Как успешно расшифровать зашифрованный контент AES-256, сгенерированный с помощью OpenSSL в Node.js, с помощью CryptoJS

Question

Context

У меня есть функция Node.js AWS Lambda, которая действует как пользовательский авторизатор и запускается AWS API Gateway, которая должна брать токен из заголовка Authorization, который являетсяAES-256 зашифровал JSON и расшифровал его с помощью CryptoJS и секретной парольной фразы. Просто к сведению, токен не является JWT. Я следовал CryptoJS документам, но он просто не работает.

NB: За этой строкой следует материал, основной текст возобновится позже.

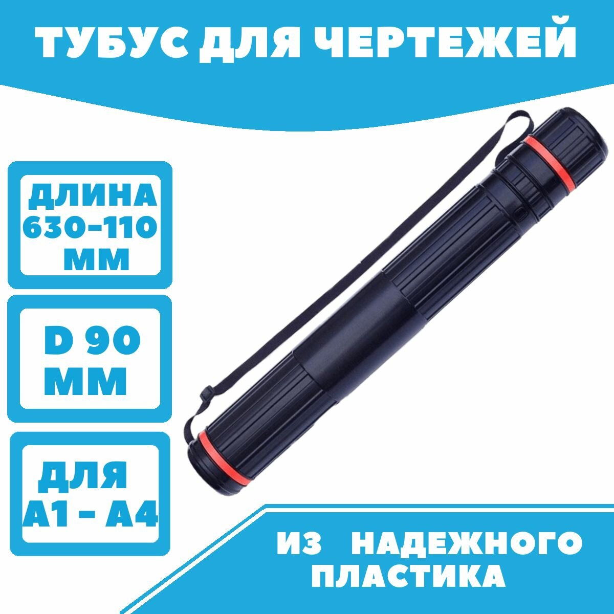 Тубус А0 телескопический на ремне, 90 мм., черный

Я прочитал десятки постов и статей, и для меня действительно удивительно, что я не смог найти никого, кто пробовал бы такой простой подход, как мой.

Шаги и код

1) Яу меня есть файл с именем token.json , содержащий строковый объект JSON:

"{"user_id":1,"name":"user","time":"2019-09-27 13:58:22","env":"dev"}"

2) Следуя примерам CryptoJS, в терминале, который я выполняю: openssl enc -aes-256-cbc -in token.json -out encrypted-json-token -pass pass:"password" -e -A -base64

Я использую опцию -A, чтобы получить строку в одну строку. Согласно openssl enc --help:

-A Используется с - [base64 | a] для указания буфера base64 в виде одной строки

3) Я беру этот выводзашифрованный токен и отправив его в качестве значения для заголовка Authorization в HTTP-запросе, который анализируется AWS API Gateway, который получает этот заголовок и передает его в мою функцию Lambda.

4) ВЛямбда-функция:

const AES = require('crypto-js/aes');
const Utf8 = require('crypto-js/enc-utf8');

module.exports.authenticate = function authenticate(event, context, callback) {
...
  try {
    const token = event.authorizationToken;
    const decryptedToken = AES.decrypt(token, 'password').toString(Utf8);
    const parsedToken = JSON.parse(decryptedToken);
  }
  catch(error){
  // log error
  }
...
}

Результатом дешифрования является пустая строка, и, следовательно, синтаксический анализ в JSON завершается неудачей.

Заключительные замечания

Я звоню .toString(Utf8)поскольку согласно , и , , результатом операции дешифрования является объект Word Array , и мне нужно вернуть его обратно в исходную строковую форму,который должен быть строковым токеном JSON. Кроме того, я тестирую все это с помощью автономного подключаемого модуля без сервера для локальной эмуляции API-шлюза.

Answer 1

TL;DR : Передайте действительный ключ AES, закодированный в виде шестнадцатеричного кода, используя флаг -K.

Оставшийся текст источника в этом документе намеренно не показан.